Start at the line with "Vintage 50s Blue" in the records below, stop at the line with "2、因为南瓜自带甜味,所以只需要加少许盐调味即可;", and return every line in that span exactly, the two end lines included.

• _Records shown_
▬▬▬

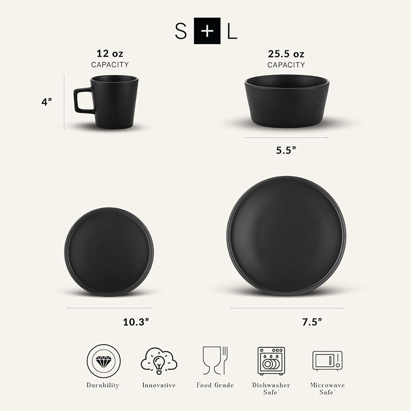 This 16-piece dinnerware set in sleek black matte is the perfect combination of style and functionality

▬▬▬

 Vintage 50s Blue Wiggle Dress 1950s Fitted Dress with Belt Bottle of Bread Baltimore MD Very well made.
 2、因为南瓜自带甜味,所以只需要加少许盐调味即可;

▬▬▬

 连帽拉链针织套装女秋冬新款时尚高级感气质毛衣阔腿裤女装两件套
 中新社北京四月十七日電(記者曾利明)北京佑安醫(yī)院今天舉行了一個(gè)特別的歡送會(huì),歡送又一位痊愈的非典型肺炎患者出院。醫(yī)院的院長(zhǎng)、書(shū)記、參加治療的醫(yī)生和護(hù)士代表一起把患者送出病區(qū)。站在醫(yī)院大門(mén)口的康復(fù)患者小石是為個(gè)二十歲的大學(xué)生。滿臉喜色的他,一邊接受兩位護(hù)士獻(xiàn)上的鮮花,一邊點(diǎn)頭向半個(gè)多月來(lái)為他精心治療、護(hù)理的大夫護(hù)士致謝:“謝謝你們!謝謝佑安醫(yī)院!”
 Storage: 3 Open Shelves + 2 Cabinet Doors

▬▬▬

• _Result for this task_
 Vintage 50s Blue Wiggle Dress 1950s Fitted Dress with Belt Bottle of Bread Baltimore MD Very well made.
 2、因为南瓜自带甜味,所以只需要加少许盐调味即可;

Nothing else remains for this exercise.